Unnamed: 0,Original Token,Original POS,Error Token,Error POS
0,Imagination,NOUN,Imagination,NOUN
1,is,AUX,is,AUX
2,the,DET,the,DET
3,spark,NOUN,spark,NOUN
4,that,PRON,that,PRON
5,lights,VERB,lits,VERB
6,your,PRON,your,PRON
7,world,NOUN,world,NOUN
8,",",PUNCT,",",PUNCT
9,but,CCONJ,but,CCONJ


## Analysis of Results

### Overall POS Tag Consistency
From the comparison DataFrame, nearly all tokens in the original sentence and the misspelled sentence are tagged with the same parts of speech. For example:

- **Original**: "lights" (VERB)  
  **Misspelled**: "lits" (VERB)  
- **Original**: "fears" (NOUN)  
  **Misspelled**: "feears" (NOUN)

---

### Why SpaCy Still Tagged Misspelled Words Correctly

#### Contextual Clues
spaCy’s tagger does not rely solely on a dictionary of correctly spelled words. Instead, it looks at the sequence of words / (context), syntactic structure, and the morphological shape of each token. For instance, “lits” appears in the context of “that ___ your world,” which is typically a verb phrase (“that lights your world”). Consequently, spaCy infers it should be a verb, even if spelled incorrectly.

#### Morphology & Syntax
“feears” is positioned in the sentence right after a possessive determiner (“their feears”), which strongly suggests a noun. Since “fears” is commonly a plural noun, the spelling “feears” still looks like a plural noun with an extra character.

---

### Potential for Tagging Errors
In this example, the misspellings are relatively mild—just one or two letters off—so the words still resemble their original forms.
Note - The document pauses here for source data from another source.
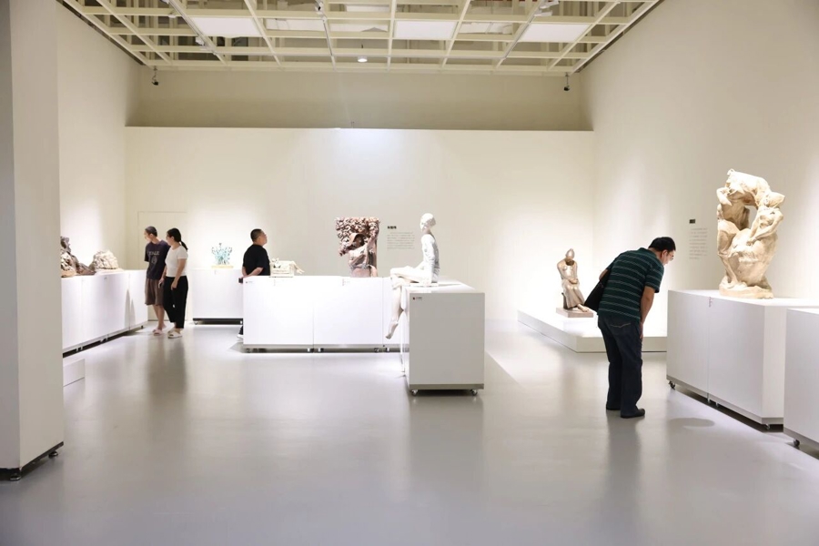 “抒:家国情怀”部分,吴慧明的雕塑赞美劳动者;林蓝以“金版水墨”提炼花鸟精神,寄寓深情;潘缨以马赛克式水墨再现女性形象;周思旻融合东西雕塑语言,形式优美;李传真关注务工群体,结合素描与传统线条,刻画真实人生;沙永汇以宏大木刻描绘时代建设;安佳、邓柯、谢晓虹、朱智伟、唐天衣皆从不同角度表达家国深厚情感。
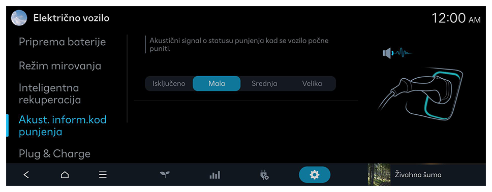 Akustični signal o statusu punjenja kad se vozilo počne puniti.
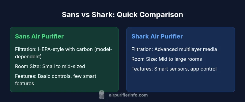 According to Air Purifier Info, Sans air purifiers vs Shark air purifiers represent two common budgeting and feature strategies. In general, Shark models offer stronger airflow and more sensing features, while Sans options emphasize essential filtration with a lower upfront cost. The Air Purifier Info team finds that both brands perform well for dust, odors, and allergies in typical homes, depending on model choice and room size.
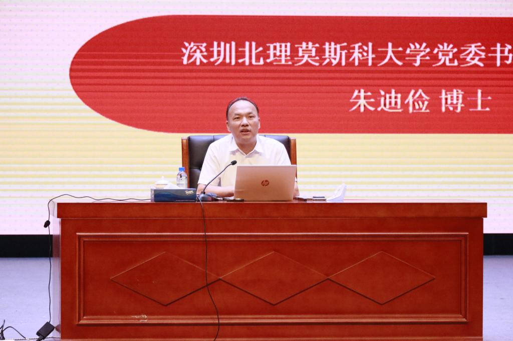 9月27日晚,深圳北理莫斯科大學黨委書記、副校長朱迪儉以《學問與證明》為主題向2018級、2019級本科生以及全體碩士研究生講授“思政第一課”。學校各部門負責人代表、各年級輔導員、德育導師等參與。

However, if spelling errors were more extreme, spaCy might struggle to match them to recognizable morphological patterns or to infer them from context, potentially leading to incorrect POS tags.

Real-world text can contain typos or nonstandard spellings (like internet slang), which may cause more frequent or severe tagging errors, depending on how far those spellings are from spaCy’s learned patterns.

---

### Summary

- **Were there errors in tagging the misspelled words?**  
  In this case, no. The misspelled tokens (“lits” and “feears”) were still assigned the same part of speech as their correctly spelled counterparts (“lights” and “fears”).

- **Did the algorithm tag misspelled words correctly?**  
  Yes, it did. The minor misspellings did not confuse spaCy’s POS tagger enough to change the tags.

- **Why?**  
  Because spaCy uses a statistical model that heavily relies on the context and syntax of the surrounding tokens, as well as morphological cues. Slight variations in spelling often will not override these contextual signals.

Overall, this illustrates that context-based POS taggers like spaCy can be fairly robust to small spelling errors in determining a word’s part of speech.